Jim Callis reports that, when the Chicago Cubs signed their 13th Round draft pick Kevonte Mitchell earlier this month, they had to pay him a little extra to get it done. Picks after the 10th Round can be signed for up to $100,000 without counting against the team’s bonus pool, so, any player after the 10th Round who receives more than $100,000 immediately jumps on your radar as a guy the Cubs must have particularly liked.

To be sure, Mitchell’s bonus wasn’t huge – $200,000 – but, given the potentially thin margins with which the Cubs are working on signing some other over slot types, the Cubs must have known all along that they really wanted to get Mitchell. Indeed, a local article from shortly after the draft indicates that Mitchell was always planning on signing, which suggests that this particular deal – over slot and all – was part of the Cubs’ draft plans from day one. That gets me just a bit more excited about Mitchell, who was interesting enough as is.

Mitchell, who was a basketball player in high school, plays third base and destroyed the ball in high school. He’s raw, as you might expect a two-sport high school athlete to be, but also very athletic. Here’s a video of Mitchell taking BP (at Wrigley Field, no less) that Luke posted back during the draft:

At 6’4″ 185lbs and not yet 19, Mitchell is a big young man. I’ll be very interested to see how he looks next year, after he’s had some time to polish up this Fall in instructional ball.

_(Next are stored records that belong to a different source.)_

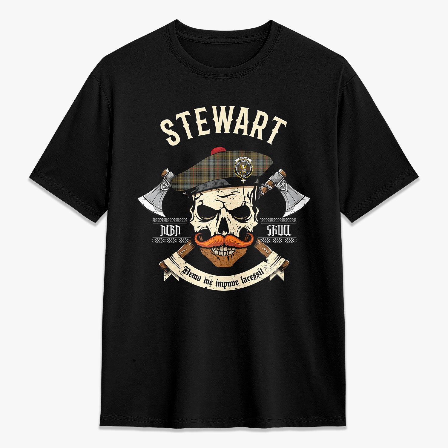 Stewart Hunting Weathered Tartan Crest 2D T-shirt - Alba Skull Style,
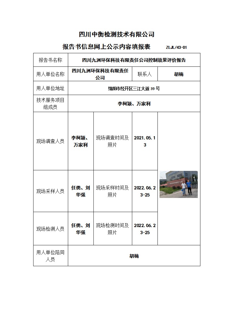 四川九洲环保科技有限责任公司控制效果评价报告
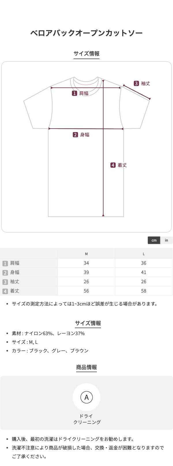 M:バスト78、肩幅34、前身丈56、袖丈26
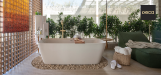 | | Balnear Deca leva novas leituras a referências históricas em sala de banho que ressalta design e tecnologia voltados para o conforto pleno
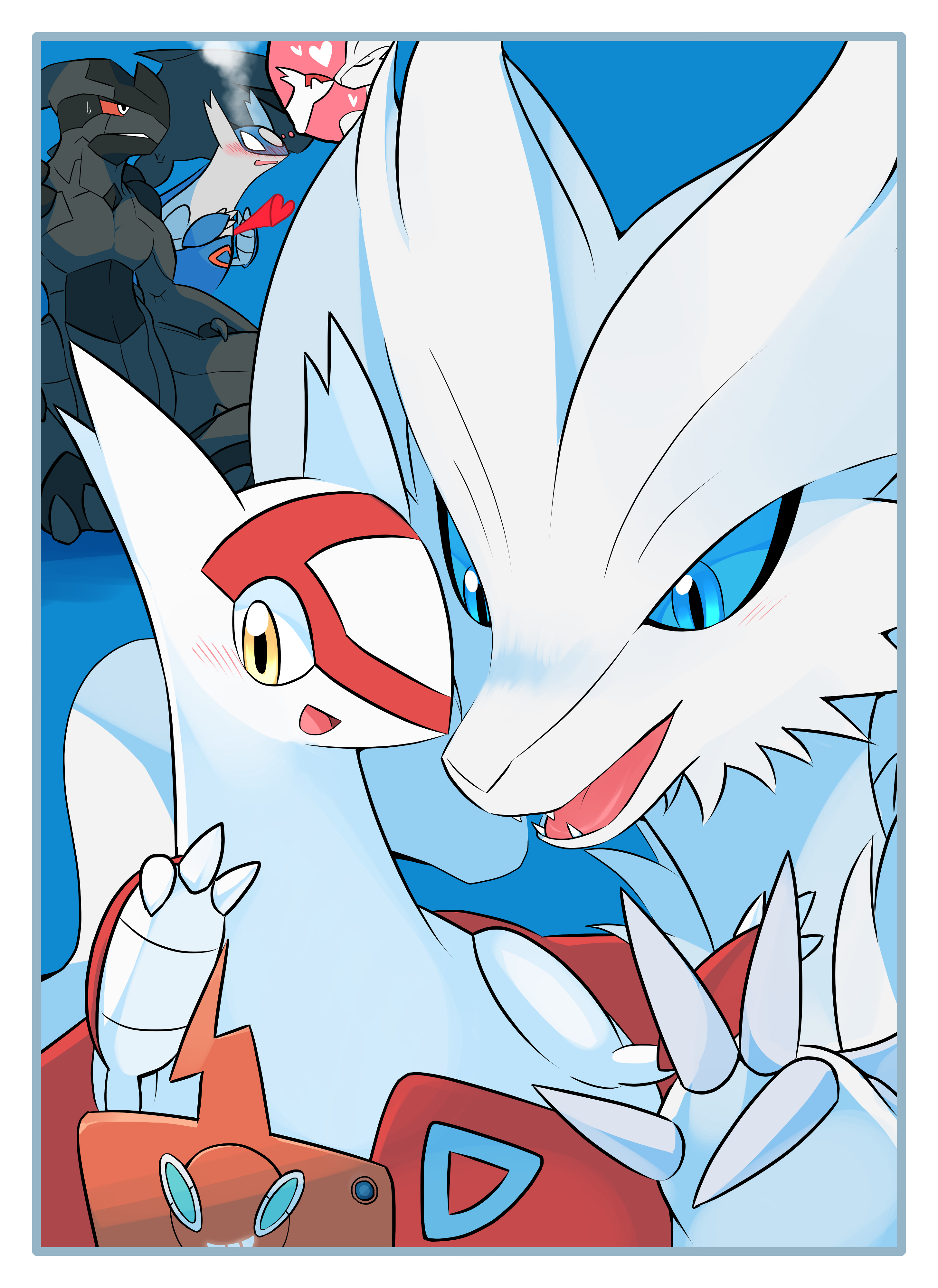 absurdres blue_eyes blue_sclera blush claws colored_sclera dragon elaphe_guttata6 fang gen_3_pokemon gen_4_pokemon gen_5_pokemon heart highres kiss latias latios legendary_pokemon long_hair nintendo no_humans open_mouth pokemon pokemon_(creature) red_sclera reshiram rotom rotom_phone smile sweat tongue v white_eyes yellow_eyes zekrom
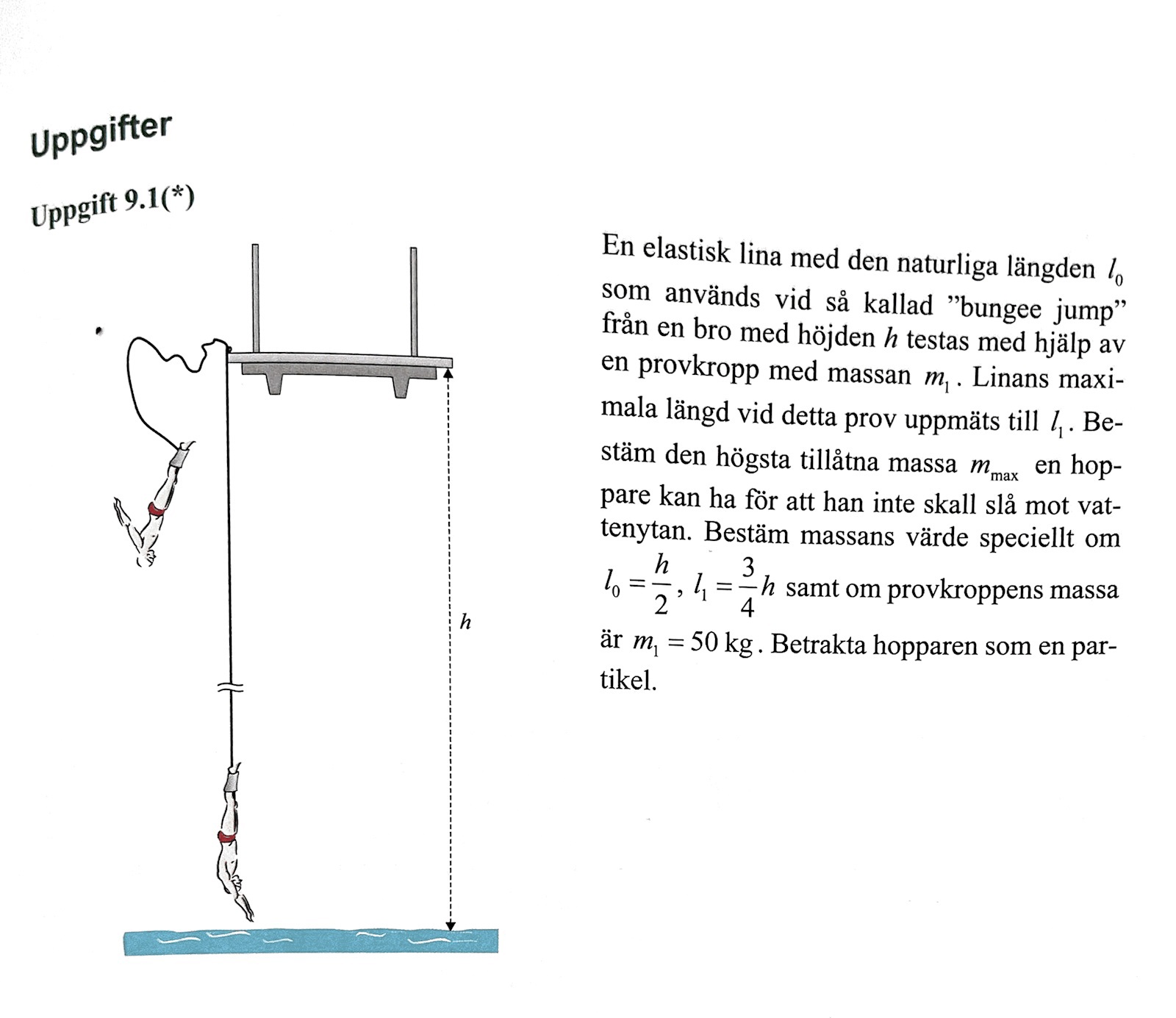 Jag förstår inte hur man ens ska tänka här. Den finns flera ekvationer som jag kan tänkas användas, som U1-2=V1-V2eller kanske mekaniska energilagen T1+V1=T2+V2 där då U är arbetet, V är potentiella energin och T är kinetiska energin. Sedan antar jag att potentiella uppkommer från tyngdkraften V=mghoch kanske fjäderkraften V =12k(L)2.

As for the bonus pool impact of the signing, well, the available dollars drop by $100,000. That’s the “(mostly)” part in the intro.

As of our calculation yesterday, the Cubs had $1,346,310 in “extra” money to use, when including a 5% overage on their given bonus pool (teams can go over by up to 5% without incurring a loss of draft pick penalty). Drop that figure to $1,246,310. Still plenty to work with to sign 6th Round high school arm Dylan Cease, but it’s unclear whether there will be enough left after that to get any of the bigger name over slot types in the later rounds.

And, since this all has the appearance of a pretty-much-pre-draft deal, it’s not like there’s any surprise for the Cubs here. They always knew that $100,000 over slot for Mitchell was part of the calculation – probably even back when they were making their picks.